After being so impressed by his work, I kept my eyes open for anything I could find. His two novels, The Movement of Mountains and X, Y, are both interesting but not as successful as the collection. Every now and then I’d stumble across a fabulous short story in places like Interzone, making me think he was more of a short story writer than a novelist.

But then along comes his new novel, The Healer.

Payne belongs to a race of mutated humans called grotesques. Although essentially human, they are set apart and looked down on by their human counterparts because of their unsightly cranial ridges and distorted bodies. A small number of grotesques develop the ability to heal others by pulling out infected or diseased material into their own bodies and then expelling it through a small orifice in their chest. Their unique abilities place healers in high demand, making them into slaves for the humans. Overworked, most healers have a short life span, a small blessing for people with very difficult life.

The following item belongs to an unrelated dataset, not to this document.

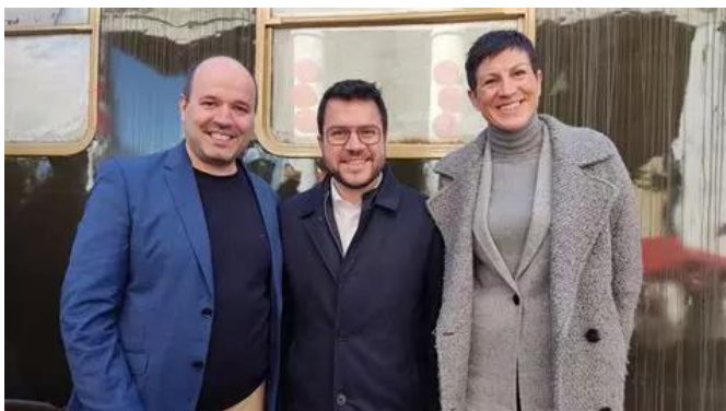
Accueil par le Directeur du lycée

We follow the life of one particular healer, a grotesque ironically named Payne, from his initial recruitment and through his whole career. He spends his early days working for a mining colony, but Payne is quickly discovered as one of the most skilled and powerful healers in generations. His power puts him in high demand, and he quickly becomes a pawn for both human rulers and Grotesques fighting for independence. Blumlein’s other life as a medical doctor serves him well again. While he makes wonderful use of describing many odd diseases and disorders for Payne to cure, it also seems to influence the odd mixture of power and servitude healers continually feel throughout the novel.

As a character, Payne may frustrate some readers. He lives very much as a pawn throughout much of the novel, bouncing back and forth between outside influences, rarely making real decisions for himself. Often he acts as a tour guide through this fabulously detailed and metaphorical world Blumlein created. The dark and disturbing ending, however, develops fully out of a difficult choice Payne makes for himself, thus delivering a glimmer of hope for both Payne and the world he lives in which he lives. With all this going for him, not to mention very favorable blurbs on the cover by Peter Straub and Ursula K. Leguin, Blumlein's status as a writer is about to rise very quickly.